▶ **Aim of the task**
Retype, exactly as they stand, the lines from the start of the data to the line that contains "فيست نسائي شتوي", both ends included. Leave the pictures out.
Content starts
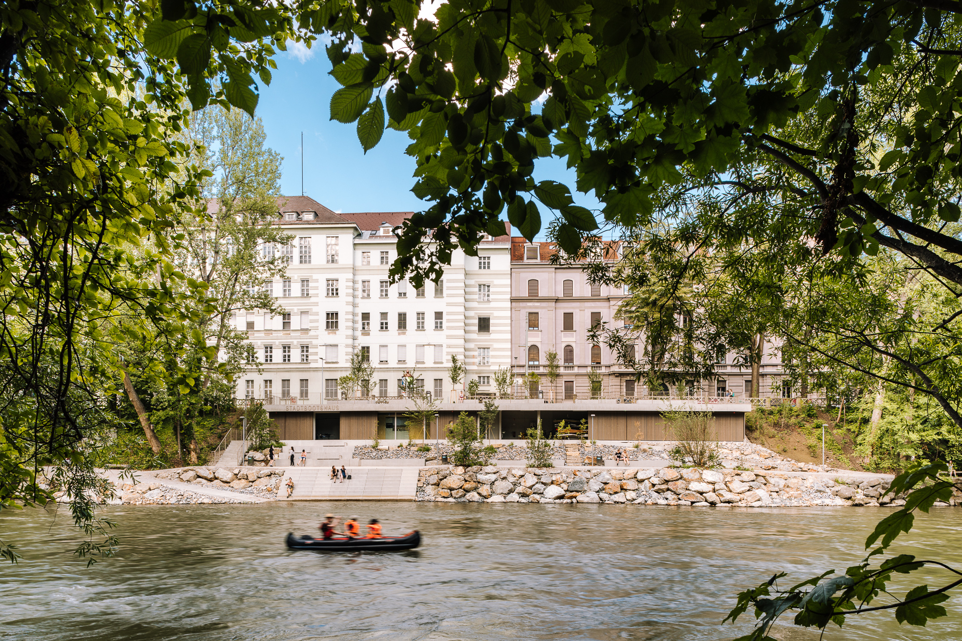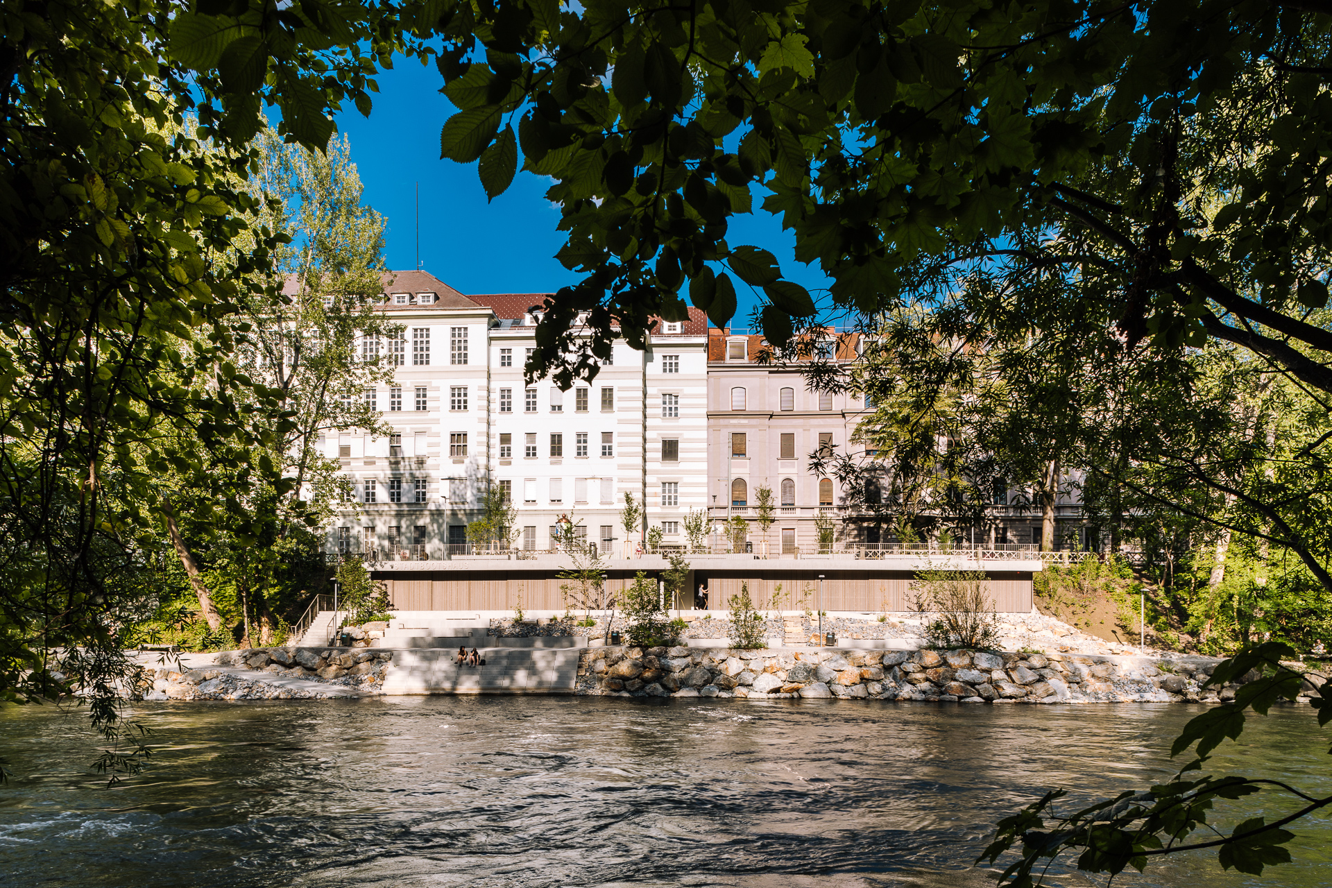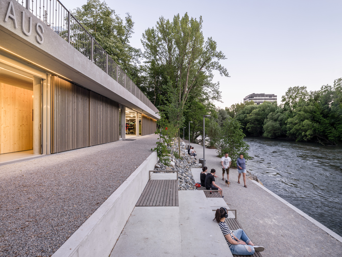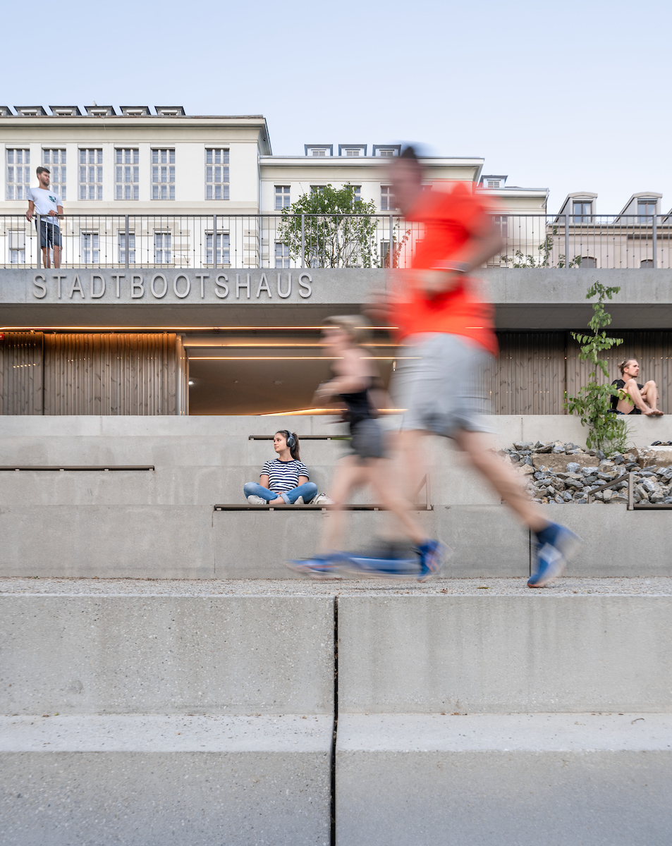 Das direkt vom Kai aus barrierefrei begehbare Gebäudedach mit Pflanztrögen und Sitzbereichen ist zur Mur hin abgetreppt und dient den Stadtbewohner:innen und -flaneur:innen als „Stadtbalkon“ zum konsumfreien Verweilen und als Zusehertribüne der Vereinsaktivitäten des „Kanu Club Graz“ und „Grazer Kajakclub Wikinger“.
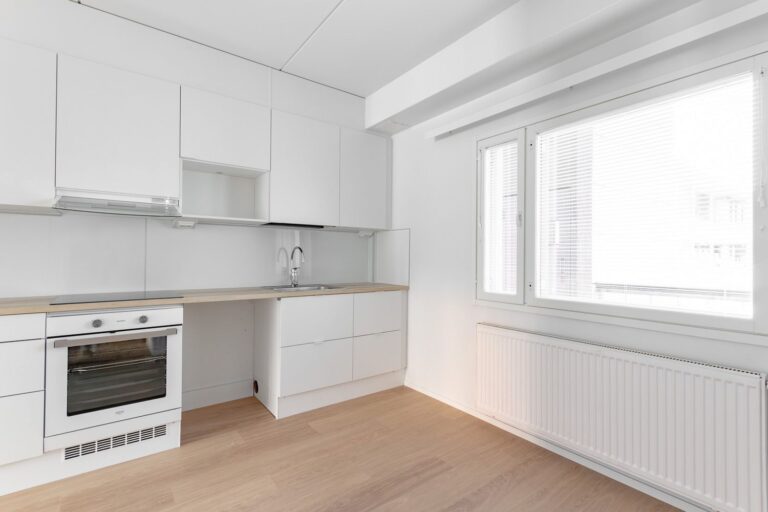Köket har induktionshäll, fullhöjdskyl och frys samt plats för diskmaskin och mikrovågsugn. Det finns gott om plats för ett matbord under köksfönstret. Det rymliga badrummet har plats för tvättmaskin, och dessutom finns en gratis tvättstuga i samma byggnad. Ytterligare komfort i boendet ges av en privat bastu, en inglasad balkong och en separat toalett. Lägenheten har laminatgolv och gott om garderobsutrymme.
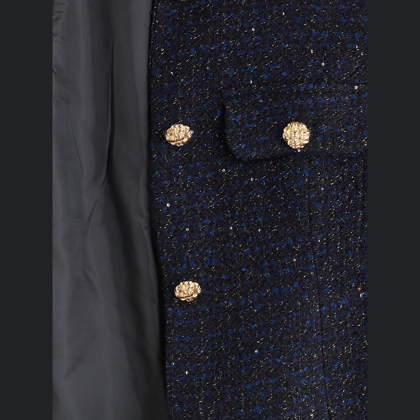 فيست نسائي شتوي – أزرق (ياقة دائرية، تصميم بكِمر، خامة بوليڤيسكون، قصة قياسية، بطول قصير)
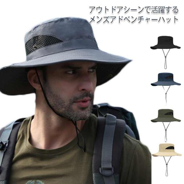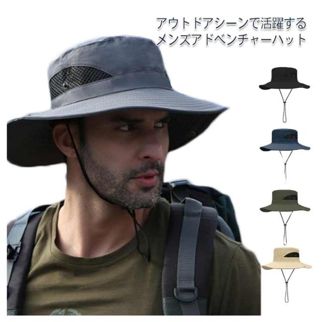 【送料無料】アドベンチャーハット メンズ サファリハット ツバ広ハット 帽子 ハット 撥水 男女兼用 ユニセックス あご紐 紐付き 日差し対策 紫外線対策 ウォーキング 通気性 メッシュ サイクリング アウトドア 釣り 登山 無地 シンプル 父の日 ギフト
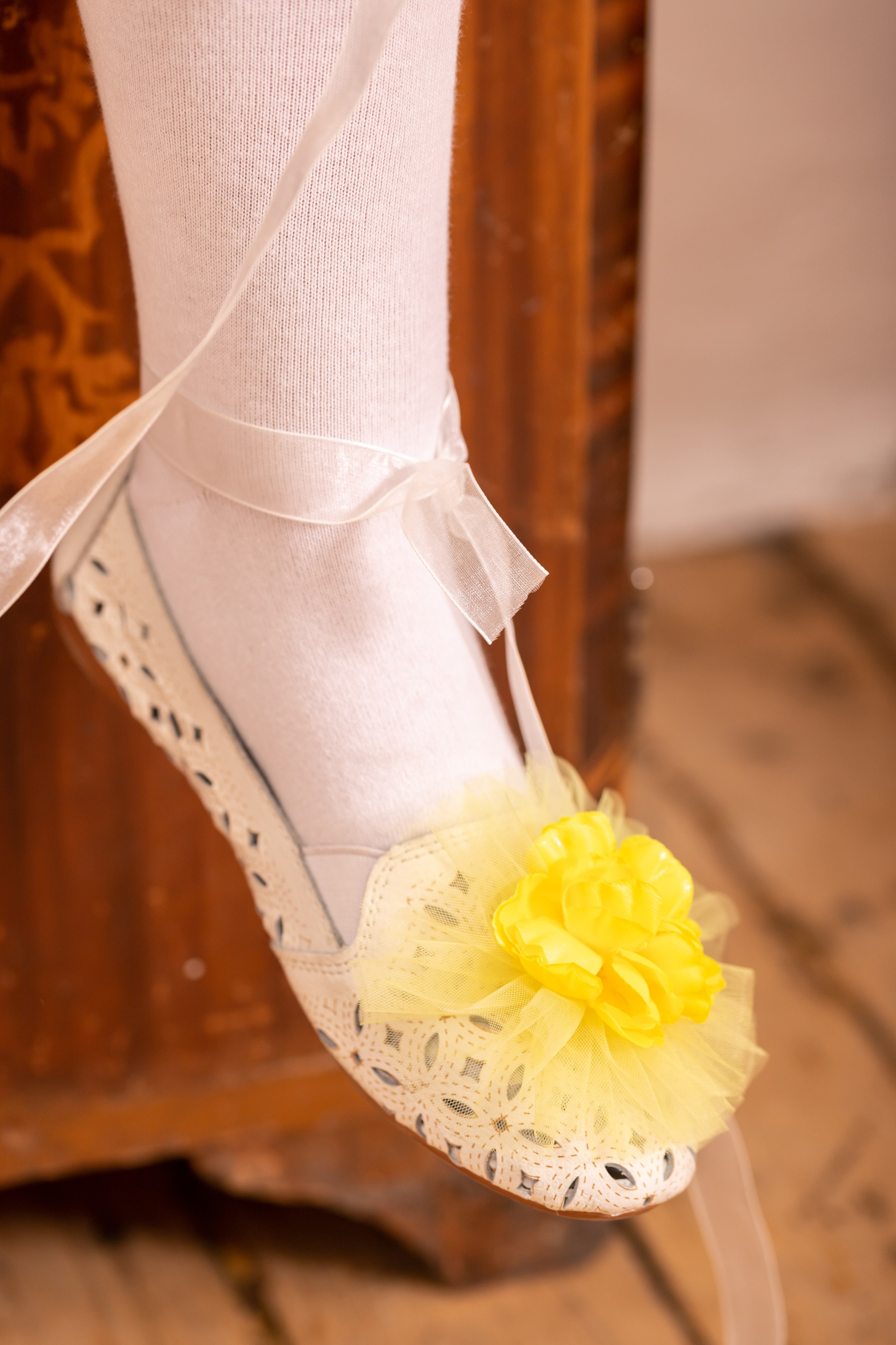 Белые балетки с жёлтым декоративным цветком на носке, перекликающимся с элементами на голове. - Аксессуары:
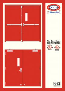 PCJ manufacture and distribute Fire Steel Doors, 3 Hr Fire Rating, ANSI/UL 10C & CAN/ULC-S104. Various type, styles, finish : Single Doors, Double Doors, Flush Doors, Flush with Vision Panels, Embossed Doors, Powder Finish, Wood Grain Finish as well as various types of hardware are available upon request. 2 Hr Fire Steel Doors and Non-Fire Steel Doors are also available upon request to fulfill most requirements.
Content ends
▶ **Answer box**
 Das direkt vom Kai aus barrierefrei begehbare Gebäudedach mit Pflanztrögen und Sitzbereichen ist zur Mur hin abgetreppt und dient den Stadtbewohner:innen und -flaneur:innen als „Stadtbalkon“ zum konsumfreien Verweilen und als Zusehertribüne der Vereinsaktivitäten des „Kanu Club Graz“ und „Grazer Kajakclub Wikinger“.
Köket har induktionshäll, fullhöjdskyl och frys samt plats för diskmaskin och mikrovågsugn. Det finns gott om plats för ett matbord under köksfönstret. Det rymliga badrummet har plats för tvättmaskin, och dessutom finns en gratis tvättstuga i samma byggnad. Ytterligare komfort i boendet ges av en privat bastu, en inglasad balkong och en separat toalett. Lägenheten har laminatgolv och gott om garderobsutrymme.
 فيست نسائي شتوي – أزرق (ياقة دائرية، تصميم بكِمر، خامة بوليڤيسكون، قصة قياسية، بطول قصير)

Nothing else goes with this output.